The main objectives for maintaining the SLR (Statutory Liquidity Ratio - mandated investments in government securities) ratio are the following:

   ** To control the expansion of bank credit. By changing the level of SLR, the Reserve Bank of India (RBI) can increase or decrease bank credit expansion.

**   To ensure the solvency of commercial banks.
   
** To compel the commercial banks to invest in government securities like government bonds.

If any Indian bank fails to maintain the required level of SLR, then it becomes liable to pay penalty to RBI. The defaulter bank pays penal interest at the rate of 3 % per annum above the Bank Rate, on the shortfall amount for that particular day.


But, according to the Circular, released by the Department of Banking Operations and Development, RBI; if the defaulter bank continues to default on the next working day, then the rate of penal interest can be increased to 5 % per annum above the Bank Rate. This restriction is imposed by RBI on banks to make funds available to customers on demand as soon as possible.

Gold and government securities (or gilts) are included along with cash because they are highly liquid and safe assets.

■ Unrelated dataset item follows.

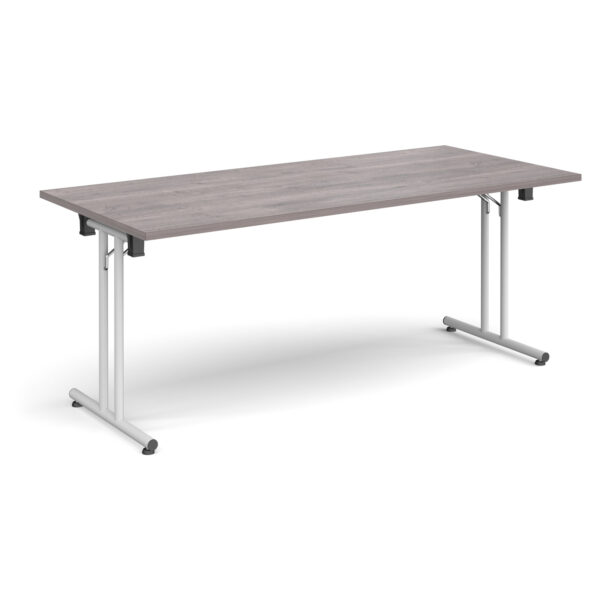 Folding Conference Table – 1800mm x 800mm, White Frame with Straight Foot Rails

The RBI can increase the SLR to contain inflation, suck liquidity in the market, to tighten the measure to safeguard the customers money. In a growing economy banks would like to invest in stock market, not in government securities or / gold as the latter would yield less returns. One more reason is long term government securities (or / any bond) are sensitive to interest rate changes.

But in an emerging economy interest rate change is a common activity.